ESDC Chief Operating Officer Eileen Mildenberger followed up by saying that the fiscal cost to the city and state would be about $450 million. (That calculation includes $200 million in direct funding plus sales tax and mortgage recording tax breaks, but not affordable housing costs nor public costs for schools, sanitation, and public safety.)

Enforceability, Part 2

After the hearing, reporters followed up with Gargano. “In our agreement with the developer, we have an MOU that gives us the ability to enforce what we require them to do in terms of affordable housing," he said.

Is the MOU public?

Gargano said he’d have to check.

Would it typically be made public?

“It depends on where we are in the process,” Gargano replied.

“We’re still negotiating final terms,” Mildenberger said.

“We’re still negotiating,” Gargano chimed in. “But obviously when the negotiations are complete, all of those will be public documents.”

How could they be negotiating, Gargano was asked, given that the project was going to be put before the PACB on Wednesday.

“No, we’re not negotiating. We have an MOU,” Gargano said.

Mildenberger explained further why the MOU wasn’t public. “The final terms of the agreement” have not been reached, she said, adding that there would be MOUs between the developer and the city and the developer and the state.

So why is this going to the PACB?

“I think the fiscal terms of the project are already negotiated, and that’s what PACB would be most concerned about,” she responded.

A reasonable return

Gargano was asked about the developer’s return. “I have been told by my financial people that—I don’t have the numbers—but it’s a reasonable return on their investment,” he said. (In an August article in New York Magazine, a real estate expert estimated about a 25 percent return.)

So why did the ESDC let Forest City, in the 8% cut in project size, eliminate a disproportionate amount of commercial space, which, if filled, would generate more spinoff jobs and public revenue than would housing? (The ESDC attributed the nearly one-third cut in projected revenues to the 8% reduction.)

“The developer is the sponsor of this project,” Gargano replied. “The city is the one that has looked at the project in terms of the makeup of the project, the size of the project and they have approved, the office of--”

“City Planning,” his interlocutor offered.

“They’re the ones that approved it,” Gargano continued.

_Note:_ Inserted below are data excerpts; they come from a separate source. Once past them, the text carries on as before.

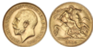
605 175 €
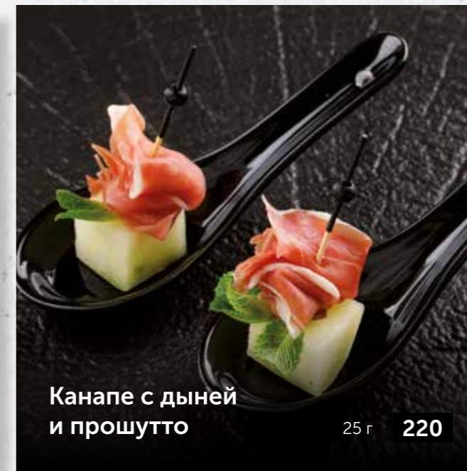
Канapé с дыней и прошутто 25 г 220
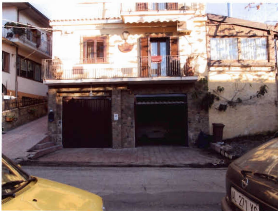
Foto n.2 vani garage
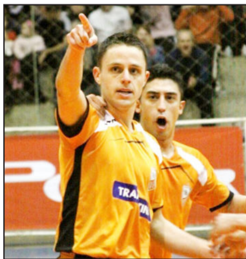
ACBF, de Rodrigo, está nas semifinais da Liga Futsal 2010

Classificado, o clube de Carlos Barbosa espera pelo vencedor do confronto entre Krona/Joinville, Joinville/SC, e Malwee/Cimed, Jaraguá do Sul/SC, que se enfrentam amanhã, sexta-feira, dia 8, na Arena Jaraguá, em Santa Catarina.

But didn't City Planning simply address scale rather than the housing/office mix? The ESDC, Gargano declared, is not the project sponsor, and a developer has to “look at the market.”

Hint of changes

As for the project before the PACB for a possible vote today, Gargano said that it was was “basically the project that we put out for bid, with the possibility of doing some review for the Phase 2.”

Well, there was no bid, but his comment about Phase 2 raised some questions. What issues might be up for discussion? The mix of housing? The interim surface parking? The design of open space? We should know soon.